#### ASSIGNED TASK:
Your response should reproduce every line of the entries that contains the word "with".

#### INPUT FOR THIS TASK:
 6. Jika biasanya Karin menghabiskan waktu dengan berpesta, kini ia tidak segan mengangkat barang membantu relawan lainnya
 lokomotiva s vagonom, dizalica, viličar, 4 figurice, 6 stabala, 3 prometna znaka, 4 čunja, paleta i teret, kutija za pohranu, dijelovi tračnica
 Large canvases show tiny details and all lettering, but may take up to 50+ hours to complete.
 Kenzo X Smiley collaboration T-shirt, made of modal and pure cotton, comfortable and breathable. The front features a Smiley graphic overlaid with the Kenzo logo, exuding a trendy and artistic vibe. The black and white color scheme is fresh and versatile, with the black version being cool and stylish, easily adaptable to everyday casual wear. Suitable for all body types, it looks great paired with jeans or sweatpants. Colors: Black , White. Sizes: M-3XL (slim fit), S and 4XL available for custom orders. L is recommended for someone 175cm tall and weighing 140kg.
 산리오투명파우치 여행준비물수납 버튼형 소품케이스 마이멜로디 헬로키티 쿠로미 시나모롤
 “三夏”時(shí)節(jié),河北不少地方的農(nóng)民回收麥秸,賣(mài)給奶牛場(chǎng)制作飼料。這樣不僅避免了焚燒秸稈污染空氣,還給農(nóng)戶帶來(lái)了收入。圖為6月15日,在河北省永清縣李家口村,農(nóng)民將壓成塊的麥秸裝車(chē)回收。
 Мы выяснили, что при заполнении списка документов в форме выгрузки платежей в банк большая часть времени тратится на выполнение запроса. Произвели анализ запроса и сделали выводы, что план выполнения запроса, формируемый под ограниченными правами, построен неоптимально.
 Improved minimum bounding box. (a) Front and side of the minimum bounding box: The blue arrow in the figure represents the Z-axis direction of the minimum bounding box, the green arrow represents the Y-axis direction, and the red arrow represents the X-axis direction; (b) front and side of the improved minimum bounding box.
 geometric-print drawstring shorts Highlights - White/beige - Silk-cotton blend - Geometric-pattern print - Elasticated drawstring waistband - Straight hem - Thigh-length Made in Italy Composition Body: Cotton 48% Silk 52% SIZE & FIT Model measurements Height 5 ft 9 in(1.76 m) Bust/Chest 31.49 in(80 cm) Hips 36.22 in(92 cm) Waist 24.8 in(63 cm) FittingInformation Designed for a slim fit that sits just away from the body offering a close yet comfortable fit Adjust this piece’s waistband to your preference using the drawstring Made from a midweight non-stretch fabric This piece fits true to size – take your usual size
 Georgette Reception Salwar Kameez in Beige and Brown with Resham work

--

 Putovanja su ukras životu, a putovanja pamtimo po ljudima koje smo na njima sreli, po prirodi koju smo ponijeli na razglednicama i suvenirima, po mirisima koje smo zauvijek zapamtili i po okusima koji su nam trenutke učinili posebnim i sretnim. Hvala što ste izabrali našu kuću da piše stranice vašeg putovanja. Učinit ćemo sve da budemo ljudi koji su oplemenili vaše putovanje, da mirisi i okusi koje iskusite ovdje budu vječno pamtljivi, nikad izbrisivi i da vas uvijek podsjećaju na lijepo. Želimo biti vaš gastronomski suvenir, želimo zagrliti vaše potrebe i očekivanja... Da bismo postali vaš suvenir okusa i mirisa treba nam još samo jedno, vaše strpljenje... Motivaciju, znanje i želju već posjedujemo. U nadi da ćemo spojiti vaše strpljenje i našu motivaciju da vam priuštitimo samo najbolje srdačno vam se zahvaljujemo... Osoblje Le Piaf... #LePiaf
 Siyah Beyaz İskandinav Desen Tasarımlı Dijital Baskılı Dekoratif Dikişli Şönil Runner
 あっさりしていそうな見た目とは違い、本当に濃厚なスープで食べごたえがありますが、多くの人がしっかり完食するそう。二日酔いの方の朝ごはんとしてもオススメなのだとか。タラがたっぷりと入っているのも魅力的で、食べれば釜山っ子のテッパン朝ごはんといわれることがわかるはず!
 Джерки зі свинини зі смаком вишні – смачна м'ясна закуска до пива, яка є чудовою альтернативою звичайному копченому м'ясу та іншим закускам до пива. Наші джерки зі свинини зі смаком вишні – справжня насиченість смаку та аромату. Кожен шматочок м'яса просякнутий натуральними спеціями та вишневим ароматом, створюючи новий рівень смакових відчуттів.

--

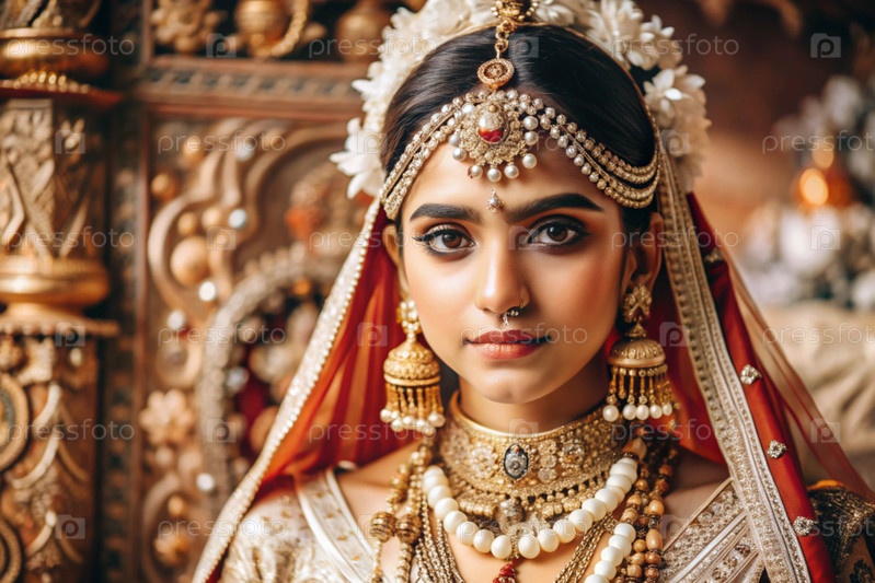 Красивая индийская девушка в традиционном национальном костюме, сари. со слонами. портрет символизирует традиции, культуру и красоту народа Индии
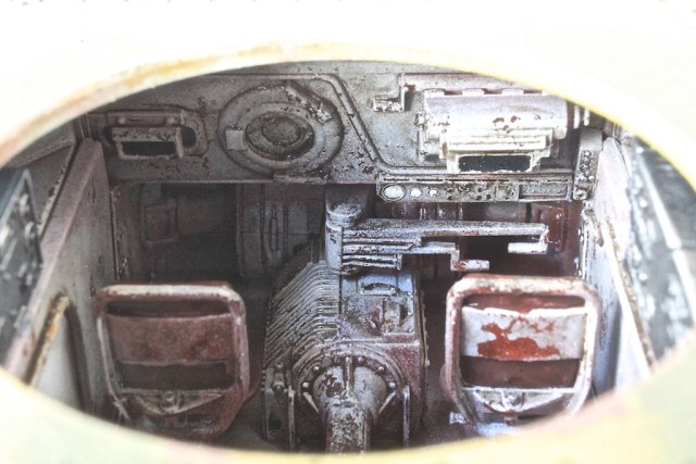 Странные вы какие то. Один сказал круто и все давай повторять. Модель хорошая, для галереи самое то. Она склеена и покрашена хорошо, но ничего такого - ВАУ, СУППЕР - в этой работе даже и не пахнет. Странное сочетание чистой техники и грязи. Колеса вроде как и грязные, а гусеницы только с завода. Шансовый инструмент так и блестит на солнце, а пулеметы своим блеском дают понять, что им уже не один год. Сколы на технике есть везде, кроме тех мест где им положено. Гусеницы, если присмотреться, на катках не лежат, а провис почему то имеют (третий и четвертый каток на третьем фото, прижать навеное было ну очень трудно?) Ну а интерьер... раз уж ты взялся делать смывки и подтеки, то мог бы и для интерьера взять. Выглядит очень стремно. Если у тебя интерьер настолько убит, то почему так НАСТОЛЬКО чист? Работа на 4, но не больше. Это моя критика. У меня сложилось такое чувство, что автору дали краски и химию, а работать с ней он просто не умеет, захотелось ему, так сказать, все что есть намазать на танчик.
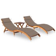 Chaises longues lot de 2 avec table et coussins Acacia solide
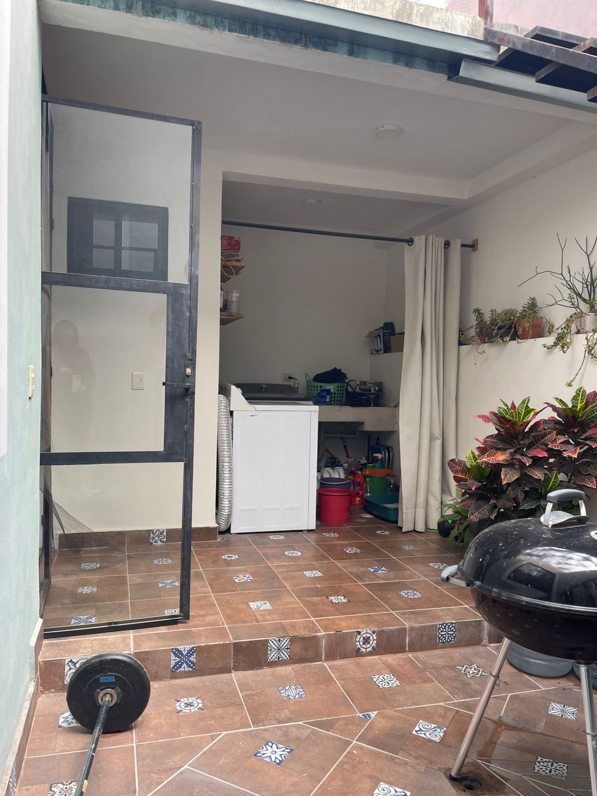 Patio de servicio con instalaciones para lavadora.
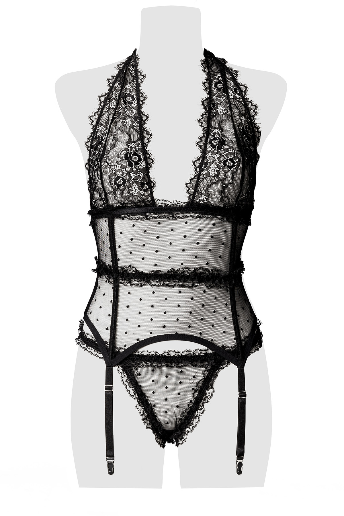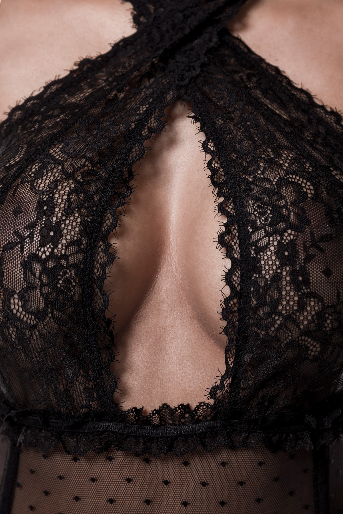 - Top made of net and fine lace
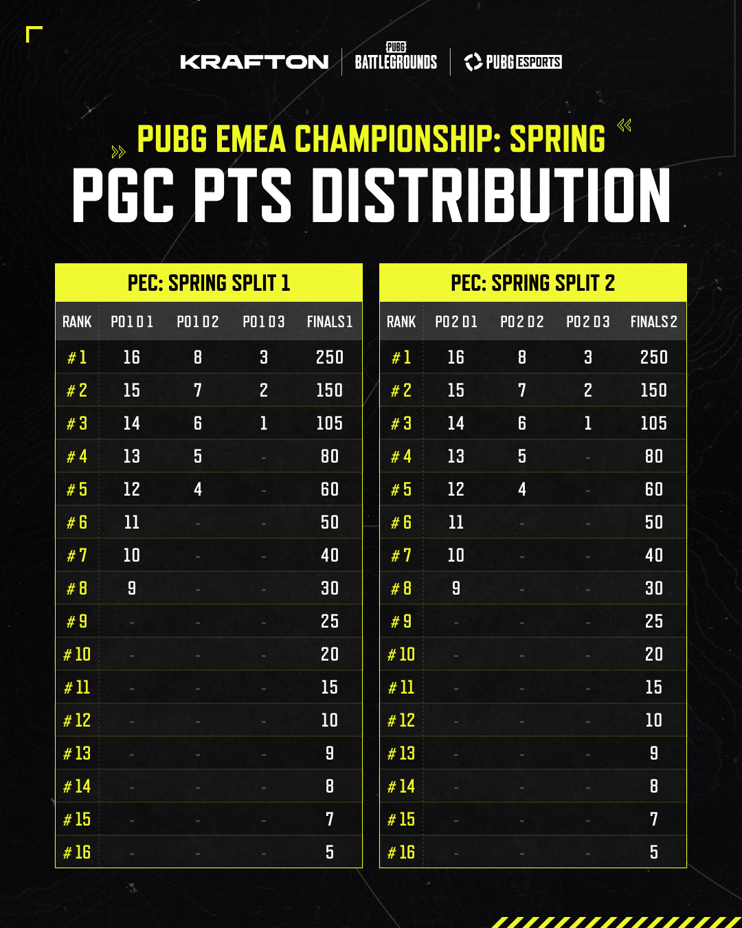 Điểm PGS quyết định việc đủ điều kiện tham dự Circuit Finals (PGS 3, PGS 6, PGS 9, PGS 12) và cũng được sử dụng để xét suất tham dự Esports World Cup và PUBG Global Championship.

#### RESULT OF THIS EXERCISE:
 Kenzo X Smiley collaboration T-shirt, made of modal and pure cotton, comfortable and breathable. The front features a Smiley graphic overlaid with the Kenzo logo, exuding a trendy and artistic vibe. The black and white color scheme is fresh and versatile, with the black version being cool and stylish, easily adaptable to everyday casual wear. Suitable for all body types, it looks great paired with jeans or sweatpants. Colors: Black , White. Sizes: M-3XL (slim fit), S and 4XL available for custom orders. L is recommended for someone 175cm tall and weighing 140kg.
 Georgette Reception Salwar Kameez in Beige and Brown with Resham work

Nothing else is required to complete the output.